Building & Structure Details

Total Approximate Building Area: ~38,682 sq ft (across five integrated sections)

Main Structures (all metal-on-wood-frame construction):

  • Storage Warehouse (Built 1997): 33,450 sq ft
    • Includes walk-in cooler (150 units) and walk-in freezer (150 units)
    • 18 ft height, single-story
  • Mixed Retail / Office (Built 1997): 2,496 sq ft
    • Warmed & cooled air, mezzanine office space
  • Light Manufacturing / Industrial (Built 1997): 2,496 sq ft
    • Warmed & cooled air
  • Light Manufacturing Addition (Built 2008): 104 sq ft
  • Storage Warehouse Addition (Built 2019): 136 sq ft

Key Site Improvements:

  • Concrete paving with base (installed 1997 & 2000 – heavy-duty)
  • Raised slab porch (2012) – 837 ft²
  • Prefabricated storage shed (2012) – 82' × 91'
  • Space heaters and canopy structures throughout

Property Use: Light industrial / miscellaneous manufacturing with significant storage, handling, and production capacity. Currently used for hot-fill food processing (jams, preserves, sauces, pie fillings).

Appraised Value (Wabaunsee County – Tax Year 2026):

  • Commercial & Industrial: $481,020 ($97,850 land + $383,170 improvements)

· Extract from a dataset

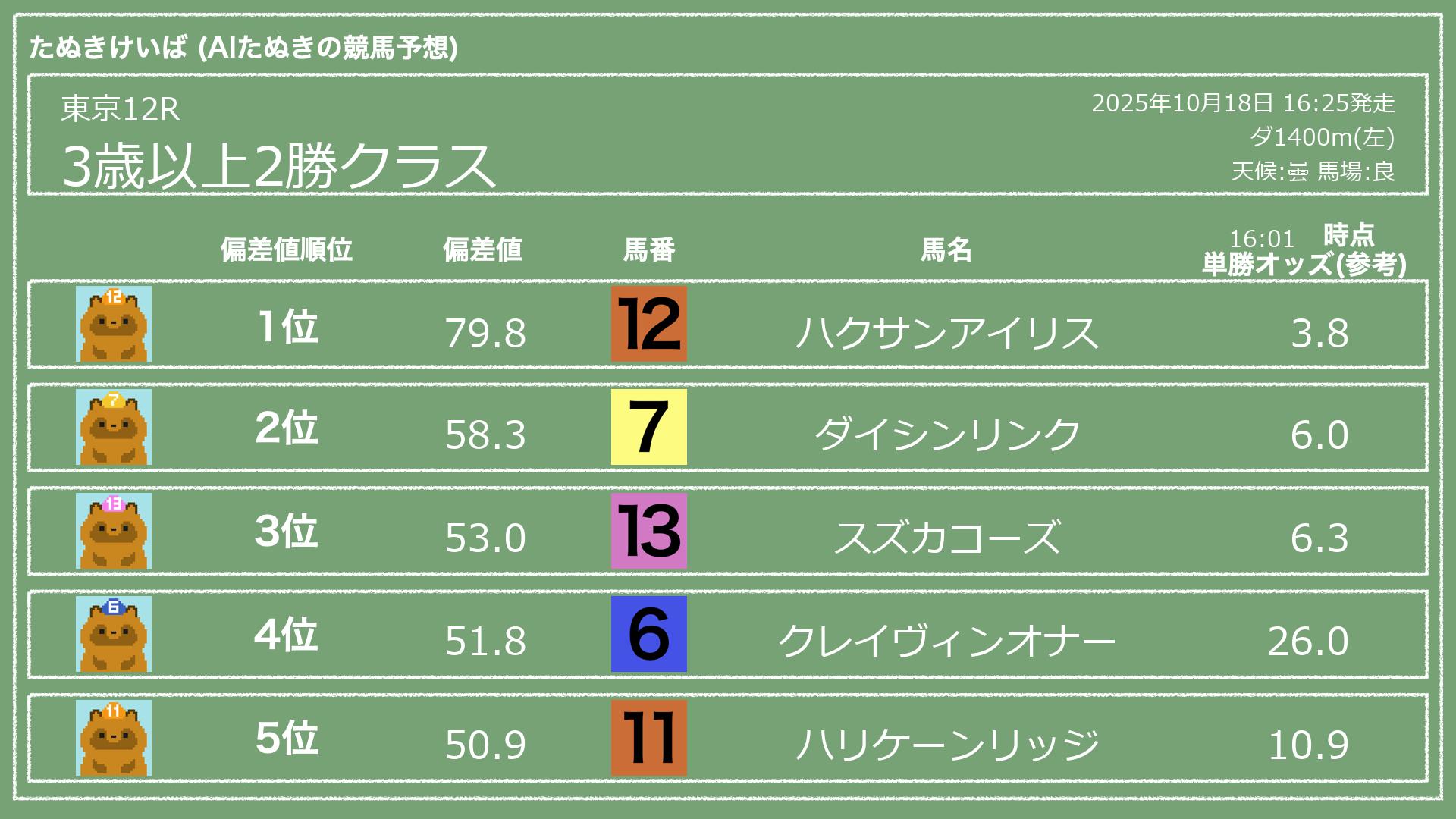 2025.10.18 東京12Rの予想
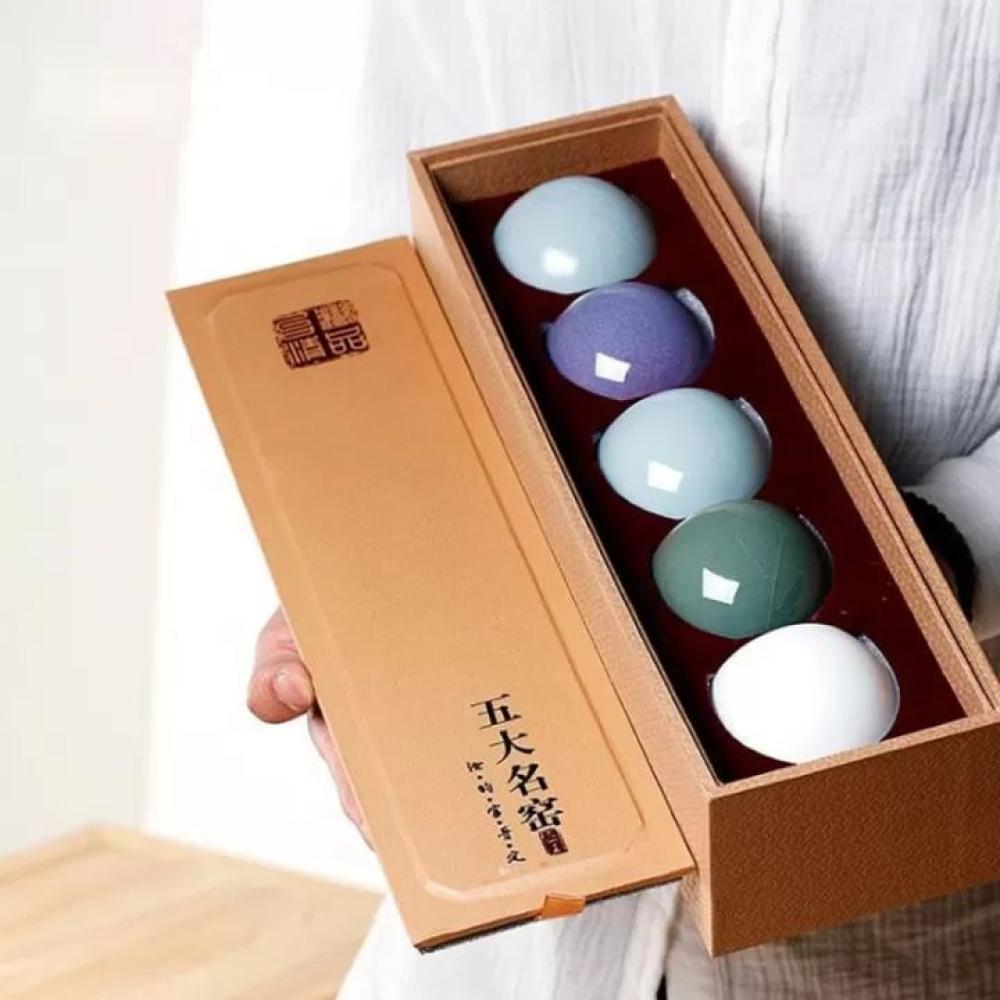 يتكوّن من خمس أكواب سيراميك مصقولة يدوياً، كل واحدة بلون مختلف بلمسة لامعة تعكس البساطة العصرية والذوق الفاخر.

This is a rare combination of size, location, and specialized food-grade infrastructure on Interstate-70 in Kansas — ideal for continued manufacturing, expansion, or owner-user occupancy.

In short, a sale-leaseback is often the cleanest way to turn your building equity into growth capital while making your life simpler, your costs more predictable, and your tax picture potentially more favorable over the long run.

 Here’s a clear list of the key advantages of doing a sale-leaseback when you own both the building and the business operating inside it (you sell the property to an investor and lease it back so your business stays put with no move). This strategy is popular for small-to-mid-sized businesses because it turns illiquid real estate equity into cash while letting you keep operating exactly where you are.

I’ll focus especially on the points you asked about—making things simpler and easier on yourself, potentially lower (or more manageable) lease payments, and capital-gains/tax implications—while including the bigger-picture benefits.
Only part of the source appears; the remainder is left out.